The CAPACITY Program comprises two multinational, double-blind, placebo-controlled Phase 3 studies (Study 004 and Study 006) that were conducted simultaneously with 779 IPF patients (aged 40-80 years) across 110 centers in Australia, Europe and North America. Patients were randomly assigned to receive oral pirfenidone (2403 mg/day) or placebo for a minimum of 72 weeks to evaluate the impact of pirfenidone in reducing lung function deterioration in IPF patients.
CAPACITY Study Results
Forced Vital Capacity (FVC) – Primary Study Endpoint
In Study 004 pirfenidone reduced the decline in FVC, an important measure of lung function, in IPF patients (p=0.001). The mean FVC change at week 72 was -8.0 percent in the pirfenidone group compared to -12.4 percent in the placebo group – a significant difference of 4.4 percent. In addition, treatment with pirfenidone reduced the proportion of patients with FVC decline of 10 percent or more compared to placebo (35 of 174 patients vs 60 of 174 patients). Importantly, an FVC decline of 10 percent or more has been reported in multiple studies to be associated with an increased risk of mortality in patients with IPF.
In Study 006, the difference between groups in FVC change at week 72 was not significant (-9.0 percent in the pirfenidone group compared with -9.6 percent in the placebo group); however, a consistent and statistically significant pirfenidone treatment effect was evident through one year of treatment. The repeated-measures analysis of percent predicted FVC change over all study timepoints showed a favorable pirfenidone treatment effect in both studies.

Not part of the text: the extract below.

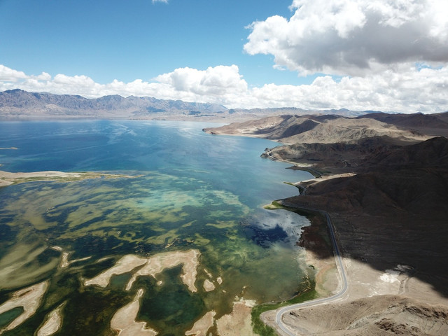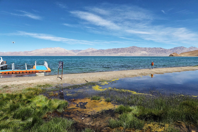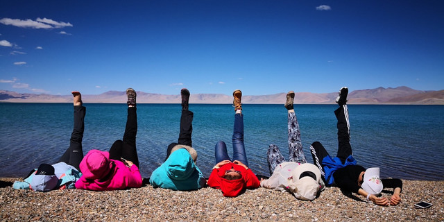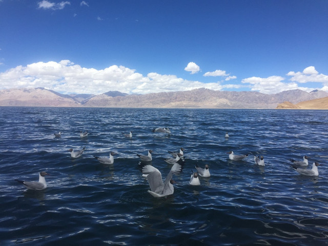 早餐后便沿新藏公路班公湖方向出发。【班公措】位于 阿里 地区 日土 县城 西北 约12公里处,又称“错木昂拉红波”,藏语意为“长脖子天鹅”,有世界 上海 拔最高的鸟岛。班公措为内陆湖,该湖的最奇特之处在于它是一个由东向西水中含盐量不同的湖泊,东部也就是在我国境内的湖泊为 淡水 湖,鱼虾肥美,而西部,也就 印度 境内为咸水湖,湖水苦涩难咽,也没有鱼类生活其间。

The primary endpoint analysis of the pooled population also showed a pirfenidone treatment effect on percent predicted FVC at week 72 (p=0.005). The mean change was -8.5 percent in the patients in the pirfenidone 2403 mg/day group and -11.0 percent in those in the placebo group, and a smaller proportion of patients had a decline in FVC of 10 percent or more in the pooled pirfenidone group.

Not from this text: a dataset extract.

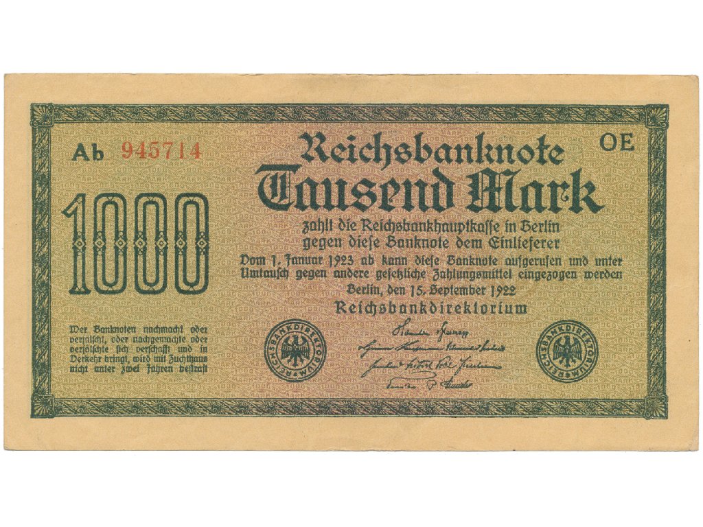 Německo, 1000 Mark 1922, vod. Dornen, Ro.75d

Six-Minute Walk Test (6MWT) – Secondary Study Endpoint
Pirfenidone 2403 mg/day significantly reduced decline in 6MWT distance at week 72 in study 006 but not in study 004. In the pooled population, a 31 percent relative difference was noted between treatment groups at week 72. The minimum clinically important difference in 6MWT distance in patients with idiopathic pulmonary fibrosis has been reported to be 24–45m. In a post-hoc analysis, 62 (36 percent) of 170 patients in the pirfenidone group and 80 (47 percent) of 170 in the placebo group had a 50m or more decrement in 6MWT distance in study 004 (p=0.049), and 56 (33 percent) of 169 and 79 (47 percent) of 168 patients, respectively in study 006 (p=0.010). The Mantel-Haenszel relative risk was 0.74 (95 percent CI 0.62–0.89) for overall relative risk in the post-hoc analysis in the pooled population.
Mortality and Progression-Free Survival
Pooled data from the 2 clinical studies showed that numerically fewer overall deaths (6 percent vs. 8 percent) and statistically fewer IPF-related deaths (3 percent vs. 7 percent) occurred in the pirfenidone groups compared to placebo groups on-treatment (p<0.03).
In the pooled analysis, pirfenidone prolonged progression-free survival by 26 percent compared with placebo.
Study results confirmed pirfenidone as a generally well tolerated, oral treatment with a favorable side effect profile; adverse reactions were generally mild or moderate. The most commonly reported (incidence =10 percent) adverse reactions to pirfenidone compared to placebo were: nausea (32.8 percent vs. 13.3 percent), rash (28.7 percent vs. 8.6 percent), fatigue (22.3 percent vs. 13.3 percent), diarrhoea (21.7 percent vs. 13.5 percent), dyspepsia (16.8 percent vs. 5.5 percent) and photosensitivity reaction (12.2 percent vs. 1.7 percent).
Study treatment was discontinued because of adverse events in 51 (15 percent) of 345 patients in the pooled pirfenidone group and 30 (9 percent) of 347 patients in the pooled placebo group. Treatment-emergent serious adverse events occurred in 113 (33 percent) of 345 patients in the pooled pirfenidone group and 109 (31 percent) of 347 patients in the pooled placebo group.
Pirfenidone is an orally active, small molecule drug that inhibits the synthesis of TGF-beta, a chemical mediator that controls many cell functions including proliferation and differentiation, and plays a key role in fibrosis. It also inhibits the synthesis of TNF-alpha, a cytokine that is known to have an active role in inflammation.
On February 28, 2011, the European Commission (EC) granted marketing authorization for Esbriet® (pirfenidone) for the treatment of adults with mild to moderate IPF. The approval authorizes marketing of Esbriet in all 27 EU member states. Esbriet has since been approved for marketing in Norway and Iceland.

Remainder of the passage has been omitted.